Pengambilan sampel dapat dilakukan dengan cara random atau
metode spiral (dengan rumah di tengah sebagai pusatnya) atau
metode zig-zag. Dengan kegiatan ini akan didapatkan angka
kepadatan jentik atau House Index (HI) (Widoyono, 2008).

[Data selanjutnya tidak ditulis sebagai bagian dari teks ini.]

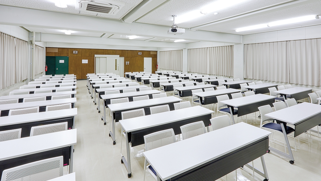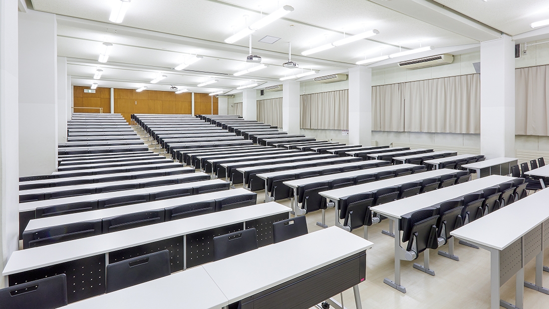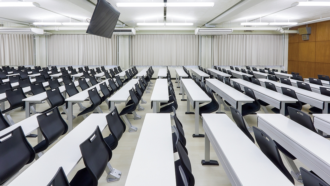 3号棟332教室の固定席は、これまでの木目基調から黒と白を基調としたイス・テーブルに入替えられたことにより、明るくモダンな空間へと生まれ変わりました。また、3号棟322教室の固定席は、前方通路タイプから後方通路タイプへと変更され、教室内のスムーズな移動が可能となったほか、移動席の各教室では、移動性と収納性が高いイス・テーブルが採用されており、フレキシブルにレイアウト変更ができるようになっています。

Pembersihan jentik bisa dilakukan dengan pogram Pemberantasan
Sarang Nyamuk (PSN), menggunakan ikan, dan larvasidasi. Tidak
semua jenis ikan memangsa jentik nyamuk Aedes, hanya ikan jenis
gambusia, seperti ikan kepala timah. Selain itu ada beberapa
pemangsa jentik nyamuk Aedes yang ada di alam, yaitu burung air,
serangga, dan ikan. Namun pemangsa itu sudah semakin langka,
sehingga campur tangan manusia memang diperlukan (Nadesul,
2007).
4) Penggerakan PSN
Kegiatan PSN dengan menguras dan menyikat TPA seperti bak
mandi atau WC, drum seminggu sekali, menutup rapat-rapat TPA
seperti gentong air atau tempayan, mengubur atau menyingkirkan
barang-barang bekas yang dapat menampung air hujan serta
mengganti air vas bunga, tempat minum burung seminggu sekali
merupakan upaya untuk melakukan PSN DBD. Masyarakat
diharapkan rutin melakukan kegiatan tersebut dan pihak
pemerintah melakukan pemeriksaan jentik berkala, sehingga
pencegahan dan pemberantasan penyakit DBD dapat berjalan
dengan baik.
5) Pencegahan gigitan nyamuk.
Pencegahan gigitan nyamuk dapat dilakukan dengan pemakaian
kawat kasa, menggunakan kelambu, menggunakan obat nyamuk
(bakar, oles), dan tidak melakukan kebiasaan beresiko seperti tidur
siang, dan menggantung baju. Pemakaian kasa pada ventilasi yang
dilakukan merupakan pencegahan secara fisik terhadap nyamuk
yang bertujuan agar nyamuk tidak sampai masuk rumah ataupun
kamar tidur.
6) Pengendalian vektor.
Pengendalian vektor melalui surveilans vektor diatur dalam
Kepmenkes No.581 tahun 1992, bahwa kegiatan pemberantasan
sarang nyamuk (PSN) dilakukan secara periodik oleh masyarakat
yang dikoordinir oleh RT/RW dalam bentuk PSN dengan pesan
inti 3M plus. Keberhasilan kegiatan PSN antara lain dapat diukur
dengan Angka Bebas Jentik (ABJ). Apabila ABJ lebih atau sama
dengan 95% diharapkan penularan DBD dapat dicegah atau
dikurangi. Sejak tahun 2004 telah diperkenalkan suatu metode
komunikasi atau penyampaian informasi atau pesan yang
berdampak pada perubahan perilaku dalam pelaksanaan PSN
melalui pendekatan sosial budaya setempat yaitu Metode
Communication for Behavioral Impact (COMBI) (Pusat Data dan
Surveilans Epidemiologi, Kemenkes RI, 2010).